In 2021, the reconfigured Trafigura biofuels business became an integral part of the division’s refined products book. This included successfully penetrating the European market, offering key customers tailored biofuels solutions to reduce their greenhouse gas footprint and contribute towards sustainability requirements.

Trafigura was able to explore unique supply opportunities across the biofuel spectrum and deploy its global network and logistics capabilities to move these products to new markets. The team is now active in various biofuels supply chain segments, ranging from road transportation to maritime bio-bunkering. We are also leveraging our existing global Trafigura and Puma Energy UK infrastructure as a natural outlet for our biofuels origination in Asia.

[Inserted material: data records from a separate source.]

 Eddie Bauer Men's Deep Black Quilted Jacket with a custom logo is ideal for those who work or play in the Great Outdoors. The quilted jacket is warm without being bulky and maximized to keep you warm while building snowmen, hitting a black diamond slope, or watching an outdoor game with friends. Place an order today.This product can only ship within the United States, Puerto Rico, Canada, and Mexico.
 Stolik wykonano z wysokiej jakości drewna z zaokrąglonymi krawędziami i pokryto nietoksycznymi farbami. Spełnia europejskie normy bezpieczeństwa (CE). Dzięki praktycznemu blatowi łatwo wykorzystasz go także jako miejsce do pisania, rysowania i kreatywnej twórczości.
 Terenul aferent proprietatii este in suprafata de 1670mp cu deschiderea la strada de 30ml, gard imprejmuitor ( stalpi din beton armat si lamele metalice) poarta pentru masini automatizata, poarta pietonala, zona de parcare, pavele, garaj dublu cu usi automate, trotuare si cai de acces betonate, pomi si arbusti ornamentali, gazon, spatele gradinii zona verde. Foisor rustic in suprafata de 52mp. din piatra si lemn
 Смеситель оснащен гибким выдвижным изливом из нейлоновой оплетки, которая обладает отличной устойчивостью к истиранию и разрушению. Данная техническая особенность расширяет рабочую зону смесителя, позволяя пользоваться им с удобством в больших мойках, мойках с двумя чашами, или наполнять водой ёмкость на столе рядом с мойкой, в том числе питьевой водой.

In 2022, we expect the biofuels market to remain volatile and become increasingly fragmented as sustainability requirements become more stringent globally. Looking ahead, we expect the desk’s continued growth for 2022 with further integration of bioproducts into the current refined products mix.

Liquefied petroleum gas

The liquefied petroleum gas (LPG) market in 2021 was defined by increased LPG export capacity in the US and propane de-hydrogenation capacity growth in China. The export infrastructure bottleneck that had limited flows from the US for most of the past ten years was alleviated and as a consequence, US exports hit a record high, while US inventories were drawn down to record lows. These factors, combined with the natural gas rally that resulted from increased LPG demand as a replacement fuel, drove LPG prices higher, especially in the US.

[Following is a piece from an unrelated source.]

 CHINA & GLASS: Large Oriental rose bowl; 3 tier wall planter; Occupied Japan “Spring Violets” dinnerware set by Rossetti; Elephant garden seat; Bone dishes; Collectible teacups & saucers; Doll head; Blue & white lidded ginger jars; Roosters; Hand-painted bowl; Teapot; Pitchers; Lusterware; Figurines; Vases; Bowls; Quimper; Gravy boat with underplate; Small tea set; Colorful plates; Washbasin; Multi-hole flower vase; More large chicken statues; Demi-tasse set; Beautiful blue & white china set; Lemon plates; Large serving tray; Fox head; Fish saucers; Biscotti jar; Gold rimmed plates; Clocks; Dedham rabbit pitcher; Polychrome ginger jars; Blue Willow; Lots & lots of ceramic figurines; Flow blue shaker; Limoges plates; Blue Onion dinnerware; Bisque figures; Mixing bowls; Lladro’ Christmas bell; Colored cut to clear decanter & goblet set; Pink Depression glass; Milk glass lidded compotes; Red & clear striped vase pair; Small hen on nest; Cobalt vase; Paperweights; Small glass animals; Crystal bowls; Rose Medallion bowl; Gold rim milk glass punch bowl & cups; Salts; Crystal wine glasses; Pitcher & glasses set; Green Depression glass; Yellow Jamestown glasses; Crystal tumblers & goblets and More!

Trafigura continued growing its LPG business, with expanded flows from the Far East, Russia, the US and West Africa. Our analytical capabilities enabled us to predict market movements. We also invested in new projects promoting the increased use of LPG, including a number of dual-fuel LPG -ammonia powered ships.

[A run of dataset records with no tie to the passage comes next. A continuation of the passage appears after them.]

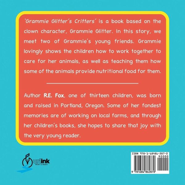 'Grammie Glitter's Critters' is a book based on the clown character, Grammie Glitter. In this story, we meet two of Grammie's young friends. Grammie lovingly shows the children how to work together to care for her animals, as well as teaching them how some of the animals provide nutritional food for them.
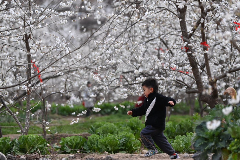 3月9日,一名小朋友在隴南市武都區(qū)城關(guān)鎮(zhèn)石家莊村的櫻桃樹下玩耍。新華社記者 陳斌 攝
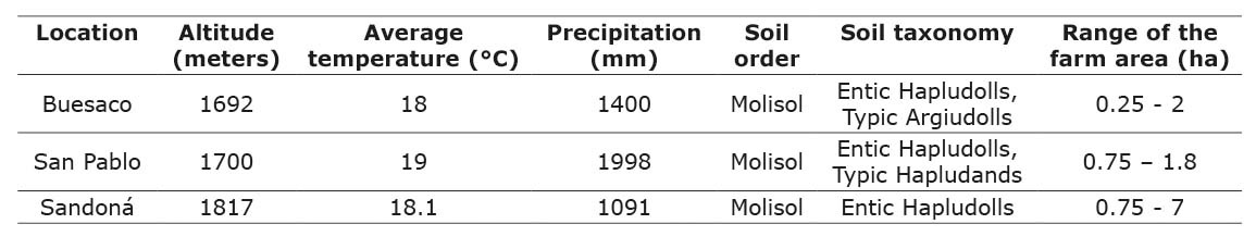 Table 1. Agroclimatic conditions of the localities Buesaco, San Pablo, and Sandoná, Nariño, Colombia. 2019 – 2020.
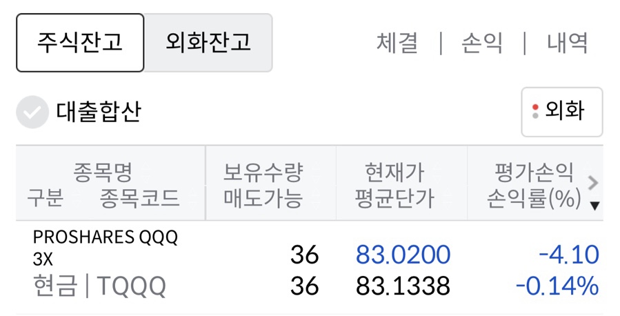 4. 잔고수량 : 36주

Separately, we were instrumental in establishing LPG4SDG7, a coalition of companies, banks and development institutions to help bring cleaner cooking based on LPG to millions of households.

Looking ahead, we will continue growing our business to better serve our clients around the globe and we will continue to grow and diversify the business.

Liquefied natural gas and natural gas

The global liquefied natural gas (LNG) market was buffeted by extreme weather in 2021. The Far East experienced a severe winter shortage of LNG in January, Texas suffered from its big freeze in February and Europe suffered gas shortages in the latter part of the year. LNG supply would have been tight in any case as plants were subject to maintenance that had been delayed by COVID-19 and a number of facilities experienced greater than usual reliability issues. In Texas, gas prices hit USD400 per MMBTU in February, while in October, Europe and the Far East out-competed each other to attract US LNG, pushing the price up above USD35 per MMBTU as low inventories in Asia and Europe caused market concern.

Trafigura’s integrated LNG and natural gas team performed well, weathering the multitude of storms the gas market experienced during the year. Our business grew in all regions, especially strongly in Asia. We complemented our existing natural gas trading operations in Europe, Mexico and the US by acquiring licences to trade gas in other liberalising domestic markets.

In these extremely volatile times, simplicity of supply chains remains our guiding principle. This ensures robustness to withstand extreme weather shocks and operational excellence to provide safe and secure LNG supplies to our customers, and allows us to minimise carbon emissions from our modern LNG fleet.

Our goal over the next 12 months is to work with our customers to create solutions that protect them as much as possible against such price fluctuations in the future. Recent events have illustrated that natural gas is vitally needed to fuel baseload power supply alongside renewable power and, in some applications, as a transition fuel on the pathway to net zero.